All of us know that some bronzes may have a round seal / stamp into them, what those stamps are about?
- Q: What does the Cyrillic abbreviations mean?
- A: From Finance Ministry for 10 years (starting from the year in the middle);
- Q: What does it mean if the seal is not there?
- A: It means that the right to cast the sculpture for the next 10 years hasn't been sold by the artist to the foundry;
- Q: Must all seals look exactly identical?
- A: No, looks like the seals have been hand-inscribed on a wax model. There are dozens slightly different seals known;
- Q: Why some of such seals may have < Л.Ш. > instead of a year date?
- A: This remains uncertain to me. Logically, if the year is not there, it should be taken as the model was sold to the foundry for ever, without any time limits.
So, the round impressed seals to the bases of the Russian bronzes indicate that the artist has sold the right to exclusively cast his sculpture in bronze to a certain foundry for 10 years starting from the year we can see in the middle of the seal.

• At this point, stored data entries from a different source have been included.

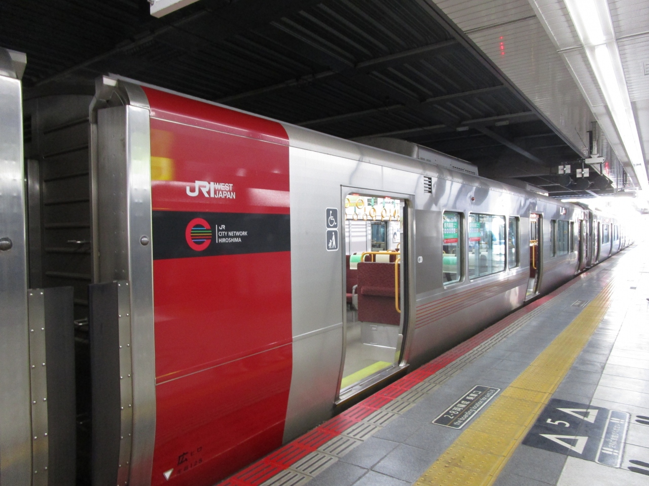 広島駅と西広島駅の往復でJR山陽本線の在来線を利用しました。車両は「Red Wing」という愛称がつけられているもので、車体の赤い装飾が目に付きます。比較的新しい車両のようで、車内も綺麗な感じがしました。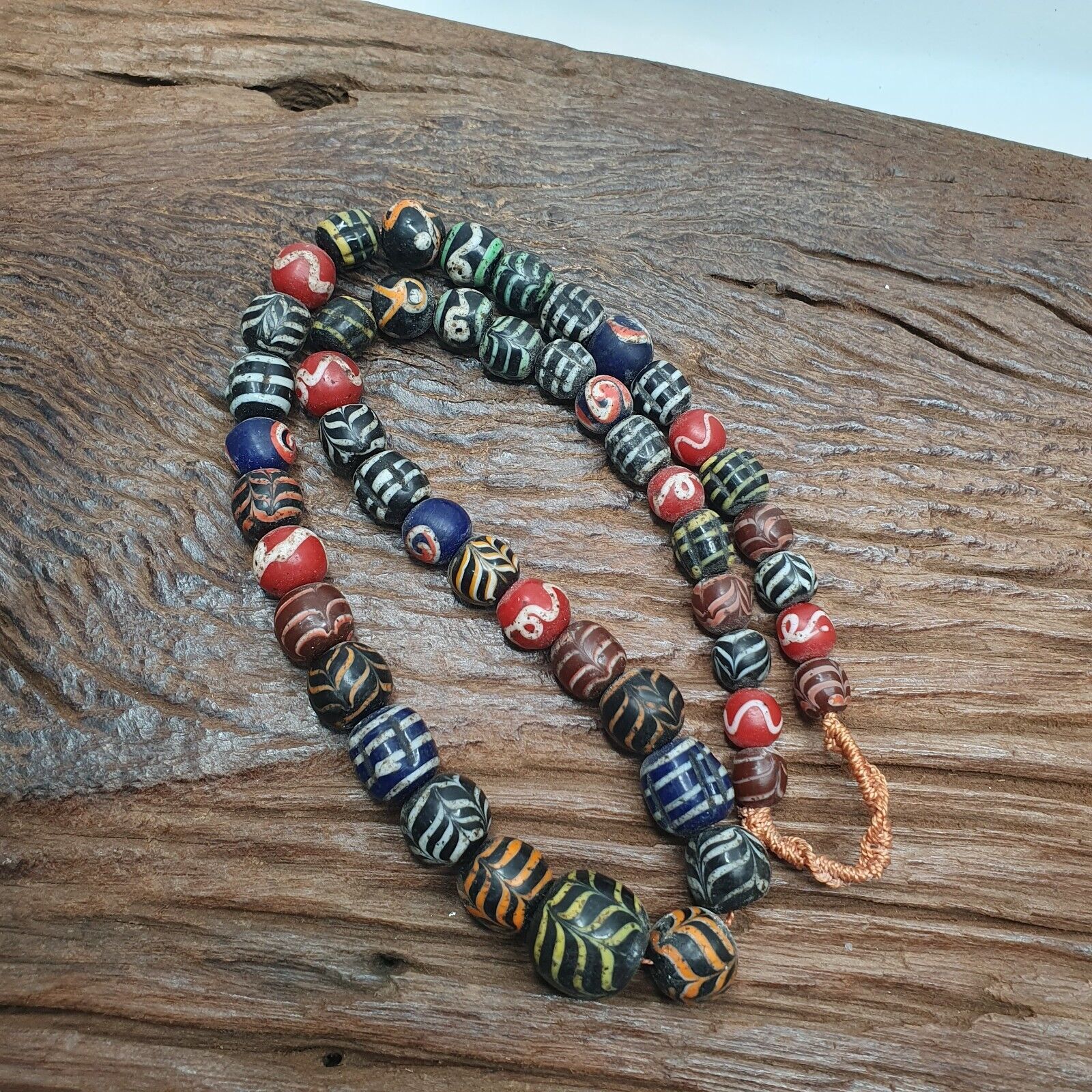 Vintage Feather Pattern Glass: Exquisite Beaded GLASS Art BEADS Necklace
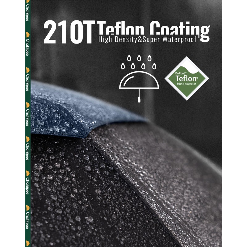 Thanks to the special waterproof and extremely tightly woven 210T Teflon (conventional umbrellas only use 190T polyester), the sturdy umbrella is extremely robust, making it also ideal for storms and strong winds.

That also means, that a bronze bearing a seal with Y 1875 in it, was not necessarily produced in 1875, but could be made in any year within the 1875-1885 time frame.
It is not a copyright mark in sense of declaring the authorship of an artist. Those days the world was much smaller...there was no much of a need to reserve your right...
The fact that a bronze may not have such a seal in it, does not mean it is not original, or any kind of defective in terms of value and authenticity.